Task objective: Search the listing below for the line containing "Portrait of a". From there through the line containing "Elsewhere, the existing", transcribe every line exactly, both ends included.

━━ Materials provided ━━

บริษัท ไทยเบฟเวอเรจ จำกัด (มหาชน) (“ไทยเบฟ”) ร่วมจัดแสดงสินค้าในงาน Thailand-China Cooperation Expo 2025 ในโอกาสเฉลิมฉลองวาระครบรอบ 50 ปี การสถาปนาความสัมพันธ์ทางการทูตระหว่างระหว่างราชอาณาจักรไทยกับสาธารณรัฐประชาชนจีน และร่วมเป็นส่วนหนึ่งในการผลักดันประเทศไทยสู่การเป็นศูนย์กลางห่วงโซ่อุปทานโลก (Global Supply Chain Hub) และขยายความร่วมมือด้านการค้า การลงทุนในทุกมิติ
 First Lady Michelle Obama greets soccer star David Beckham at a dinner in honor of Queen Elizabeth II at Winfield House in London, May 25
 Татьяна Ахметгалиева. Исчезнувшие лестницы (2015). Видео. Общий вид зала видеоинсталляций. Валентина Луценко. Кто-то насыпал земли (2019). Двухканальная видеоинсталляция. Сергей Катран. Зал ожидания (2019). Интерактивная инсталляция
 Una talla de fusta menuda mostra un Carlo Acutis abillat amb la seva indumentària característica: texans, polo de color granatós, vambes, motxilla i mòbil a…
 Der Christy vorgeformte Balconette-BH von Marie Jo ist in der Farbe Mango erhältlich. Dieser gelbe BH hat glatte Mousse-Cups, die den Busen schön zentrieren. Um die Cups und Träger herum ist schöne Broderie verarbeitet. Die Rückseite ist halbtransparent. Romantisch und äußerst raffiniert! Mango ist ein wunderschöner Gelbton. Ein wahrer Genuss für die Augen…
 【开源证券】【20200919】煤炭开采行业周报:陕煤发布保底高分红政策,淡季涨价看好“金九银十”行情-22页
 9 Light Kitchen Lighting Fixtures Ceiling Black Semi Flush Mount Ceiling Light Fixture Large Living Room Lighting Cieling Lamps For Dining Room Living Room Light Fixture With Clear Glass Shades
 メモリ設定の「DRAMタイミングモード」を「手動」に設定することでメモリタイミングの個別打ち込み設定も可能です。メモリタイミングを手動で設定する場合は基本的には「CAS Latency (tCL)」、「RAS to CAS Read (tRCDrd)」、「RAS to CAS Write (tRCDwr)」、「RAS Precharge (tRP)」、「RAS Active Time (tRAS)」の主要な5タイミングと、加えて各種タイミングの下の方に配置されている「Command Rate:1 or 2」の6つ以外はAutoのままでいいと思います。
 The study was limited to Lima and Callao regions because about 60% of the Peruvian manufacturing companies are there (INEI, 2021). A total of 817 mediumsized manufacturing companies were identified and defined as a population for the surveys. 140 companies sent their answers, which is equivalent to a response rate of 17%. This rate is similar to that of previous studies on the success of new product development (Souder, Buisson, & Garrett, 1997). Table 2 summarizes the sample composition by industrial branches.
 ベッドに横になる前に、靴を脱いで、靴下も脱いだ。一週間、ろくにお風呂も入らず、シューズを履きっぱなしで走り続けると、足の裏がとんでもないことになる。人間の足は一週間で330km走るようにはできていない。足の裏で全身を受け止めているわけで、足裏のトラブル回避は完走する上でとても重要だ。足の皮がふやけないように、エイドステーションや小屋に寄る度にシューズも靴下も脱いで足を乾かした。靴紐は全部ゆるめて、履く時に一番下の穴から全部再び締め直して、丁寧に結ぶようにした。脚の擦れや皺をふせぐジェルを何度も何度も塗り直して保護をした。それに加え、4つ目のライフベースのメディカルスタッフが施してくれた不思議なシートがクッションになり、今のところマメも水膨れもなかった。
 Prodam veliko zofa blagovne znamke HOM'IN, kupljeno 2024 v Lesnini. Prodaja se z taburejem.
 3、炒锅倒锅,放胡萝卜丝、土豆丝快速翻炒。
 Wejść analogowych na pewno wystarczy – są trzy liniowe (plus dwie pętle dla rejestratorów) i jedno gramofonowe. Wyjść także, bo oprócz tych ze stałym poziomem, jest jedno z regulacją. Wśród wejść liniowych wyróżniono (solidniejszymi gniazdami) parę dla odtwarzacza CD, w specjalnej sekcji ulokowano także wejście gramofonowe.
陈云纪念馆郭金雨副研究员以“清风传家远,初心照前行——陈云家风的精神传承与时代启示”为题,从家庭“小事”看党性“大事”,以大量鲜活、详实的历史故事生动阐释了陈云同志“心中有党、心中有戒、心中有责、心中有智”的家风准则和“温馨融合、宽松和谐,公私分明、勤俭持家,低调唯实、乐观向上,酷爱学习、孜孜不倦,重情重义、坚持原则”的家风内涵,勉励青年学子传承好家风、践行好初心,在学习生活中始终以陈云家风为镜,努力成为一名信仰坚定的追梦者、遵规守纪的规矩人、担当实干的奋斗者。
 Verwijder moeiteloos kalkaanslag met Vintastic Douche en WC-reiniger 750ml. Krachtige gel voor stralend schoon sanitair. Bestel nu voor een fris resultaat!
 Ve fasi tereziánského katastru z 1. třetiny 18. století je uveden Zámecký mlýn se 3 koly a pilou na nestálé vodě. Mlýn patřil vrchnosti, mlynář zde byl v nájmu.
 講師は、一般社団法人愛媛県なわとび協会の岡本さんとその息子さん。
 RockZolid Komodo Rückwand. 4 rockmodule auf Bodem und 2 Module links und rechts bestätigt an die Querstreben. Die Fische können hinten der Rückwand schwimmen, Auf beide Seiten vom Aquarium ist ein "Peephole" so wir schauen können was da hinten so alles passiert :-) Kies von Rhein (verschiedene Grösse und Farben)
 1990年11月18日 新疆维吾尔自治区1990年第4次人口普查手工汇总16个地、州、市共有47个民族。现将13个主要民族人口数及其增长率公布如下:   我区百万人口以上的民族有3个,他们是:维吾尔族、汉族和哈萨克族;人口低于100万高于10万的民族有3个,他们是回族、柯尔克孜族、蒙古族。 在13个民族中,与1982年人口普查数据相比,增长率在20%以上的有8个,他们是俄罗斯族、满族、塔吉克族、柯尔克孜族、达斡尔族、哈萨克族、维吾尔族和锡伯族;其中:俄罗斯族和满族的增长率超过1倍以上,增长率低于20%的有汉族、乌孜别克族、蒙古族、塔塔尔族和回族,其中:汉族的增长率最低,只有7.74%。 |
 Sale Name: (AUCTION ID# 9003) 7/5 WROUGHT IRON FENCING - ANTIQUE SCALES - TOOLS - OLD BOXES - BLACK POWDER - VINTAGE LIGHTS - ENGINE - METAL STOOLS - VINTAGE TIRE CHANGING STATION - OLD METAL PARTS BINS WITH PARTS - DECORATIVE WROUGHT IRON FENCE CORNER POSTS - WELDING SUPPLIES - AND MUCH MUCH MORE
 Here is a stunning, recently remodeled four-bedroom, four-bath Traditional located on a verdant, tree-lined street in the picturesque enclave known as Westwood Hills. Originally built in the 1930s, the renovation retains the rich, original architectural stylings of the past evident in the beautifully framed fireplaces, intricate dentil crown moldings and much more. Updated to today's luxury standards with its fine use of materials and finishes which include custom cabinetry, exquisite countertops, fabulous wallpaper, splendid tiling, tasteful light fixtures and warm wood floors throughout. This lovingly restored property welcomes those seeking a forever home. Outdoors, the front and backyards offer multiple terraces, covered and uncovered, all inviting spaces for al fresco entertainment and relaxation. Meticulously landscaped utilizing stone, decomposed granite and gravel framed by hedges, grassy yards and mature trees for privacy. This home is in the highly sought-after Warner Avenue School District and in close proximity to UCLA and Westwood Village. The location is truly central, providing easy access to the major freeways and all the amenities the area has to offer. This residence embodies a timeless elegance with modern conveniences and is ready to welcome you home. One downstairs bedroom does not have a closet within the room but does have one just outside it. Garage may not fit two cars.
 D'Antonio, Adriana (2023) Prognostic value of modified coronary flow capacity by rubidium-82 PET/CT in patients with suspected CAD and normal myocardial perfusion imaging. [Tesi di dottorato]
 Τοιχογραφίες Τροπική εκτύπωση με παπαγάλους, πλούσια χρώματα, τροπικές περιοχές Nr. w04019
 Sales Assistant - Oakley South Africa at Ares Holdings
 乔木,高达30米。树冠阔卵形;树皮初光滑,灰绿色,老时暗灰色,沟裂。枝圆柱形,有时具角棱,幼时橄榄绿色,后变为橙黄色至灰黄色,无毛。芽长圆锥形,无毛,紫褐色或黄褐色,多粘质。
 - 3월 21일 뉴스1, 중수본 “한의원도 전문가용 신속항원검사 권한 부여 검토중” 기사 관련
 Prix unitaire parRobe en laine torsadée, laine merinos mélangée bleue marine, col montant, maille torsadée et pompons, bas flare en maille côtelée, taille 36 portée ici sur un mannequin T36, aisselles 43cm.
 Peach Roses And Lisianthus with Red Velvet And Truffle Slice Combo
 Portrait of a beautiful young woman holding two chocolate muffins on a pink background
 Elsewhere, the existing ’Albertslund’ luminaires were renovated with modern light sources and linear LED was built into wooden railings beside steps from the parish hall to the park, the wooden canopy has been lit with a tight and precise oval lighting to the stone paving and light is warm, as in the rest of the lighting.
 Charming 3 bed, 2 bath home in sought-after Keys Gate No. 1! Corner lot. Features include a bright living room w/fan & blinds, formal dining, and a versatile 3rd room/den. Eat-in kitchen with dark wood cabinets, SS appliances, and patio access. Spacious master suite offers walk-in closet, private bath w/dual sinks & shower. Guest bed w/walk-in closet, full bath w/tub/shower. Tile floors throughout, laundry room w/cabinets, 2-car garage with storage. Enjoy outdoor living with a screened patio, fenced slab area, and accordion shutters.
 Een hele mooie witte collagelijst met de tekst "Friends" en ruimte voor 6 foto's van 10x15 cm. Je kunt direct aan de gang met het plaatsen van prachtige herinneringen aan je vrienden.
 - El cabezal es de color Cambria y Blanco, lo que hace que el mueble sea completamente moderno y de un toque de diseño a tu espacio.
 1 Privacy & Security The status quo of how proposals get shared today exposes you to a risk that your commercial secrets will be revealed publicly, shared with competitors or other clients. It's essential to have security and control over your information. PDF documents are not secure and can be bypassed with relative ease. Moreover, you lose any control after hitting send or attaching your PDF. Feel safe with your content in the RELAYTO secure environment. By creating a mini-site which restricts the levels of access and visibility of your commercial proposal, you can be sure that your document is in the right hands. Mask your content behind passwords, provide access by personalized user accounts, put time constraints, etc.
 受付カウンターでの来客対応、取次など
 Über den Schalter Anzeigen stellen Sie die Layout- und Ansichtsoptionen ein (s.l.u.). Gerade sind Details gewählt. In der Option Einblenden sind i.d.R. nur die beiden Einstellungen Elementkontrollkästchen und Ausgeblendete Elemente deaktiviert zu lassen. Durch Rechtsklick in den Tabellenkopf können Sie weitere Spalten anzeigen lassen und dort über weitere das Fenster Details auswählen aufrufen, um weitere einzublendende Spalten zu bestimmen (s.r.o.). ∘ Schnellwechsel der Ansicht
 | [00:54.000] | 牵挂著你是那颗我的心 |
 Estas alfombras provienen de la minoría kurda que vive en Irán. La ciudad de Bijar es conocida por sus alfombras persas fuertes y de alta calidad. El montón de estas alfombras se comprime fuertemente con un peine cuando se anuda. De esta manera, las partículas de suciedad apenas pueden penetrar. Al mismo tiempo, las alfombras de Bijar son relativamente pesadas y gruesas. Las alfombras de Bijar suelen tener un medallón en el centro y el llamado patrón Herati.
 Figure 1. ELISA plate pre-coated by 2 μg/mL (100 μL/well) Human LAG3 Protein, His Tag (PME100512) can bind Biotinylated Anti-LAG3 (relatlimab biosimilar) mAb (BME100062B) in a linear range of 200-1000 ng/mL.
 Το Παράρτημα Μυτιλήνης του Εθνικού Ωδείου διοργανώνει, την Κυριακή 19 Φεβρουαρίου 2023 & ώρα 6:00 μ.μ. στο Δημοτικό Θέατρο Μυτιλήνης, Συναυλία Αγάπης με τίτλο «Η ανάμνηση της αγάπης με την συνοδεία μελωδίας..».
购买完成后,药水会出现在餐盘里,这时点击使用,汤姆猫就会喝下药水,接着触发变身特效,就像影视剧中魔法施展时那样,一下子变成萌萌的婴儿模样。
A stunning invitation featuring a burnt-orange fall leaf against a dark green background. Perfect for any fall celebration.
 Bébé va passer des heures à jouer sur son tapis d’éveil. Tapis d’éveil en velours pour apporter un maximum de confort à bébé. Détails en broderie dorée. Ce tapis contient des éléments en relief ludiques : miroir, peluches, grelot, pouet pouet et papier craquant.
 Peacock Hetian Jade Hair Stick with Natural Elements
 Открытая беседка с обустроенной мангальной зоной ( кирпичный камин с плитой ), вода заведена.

━━━

Reply to the task:
 Portrait of a beautiful young woman holding two chocolate muffins on a pink background
 Elsewhere, the existing ’Albertslund’ luminaires were renovated with modern light sources and linear LED was built into wooden railings beside steps from the parish hall to the park, the wooden canopy has been lit with a tight and precise oval lighting to the stone paving and light is warm, as in the rest of the lighting.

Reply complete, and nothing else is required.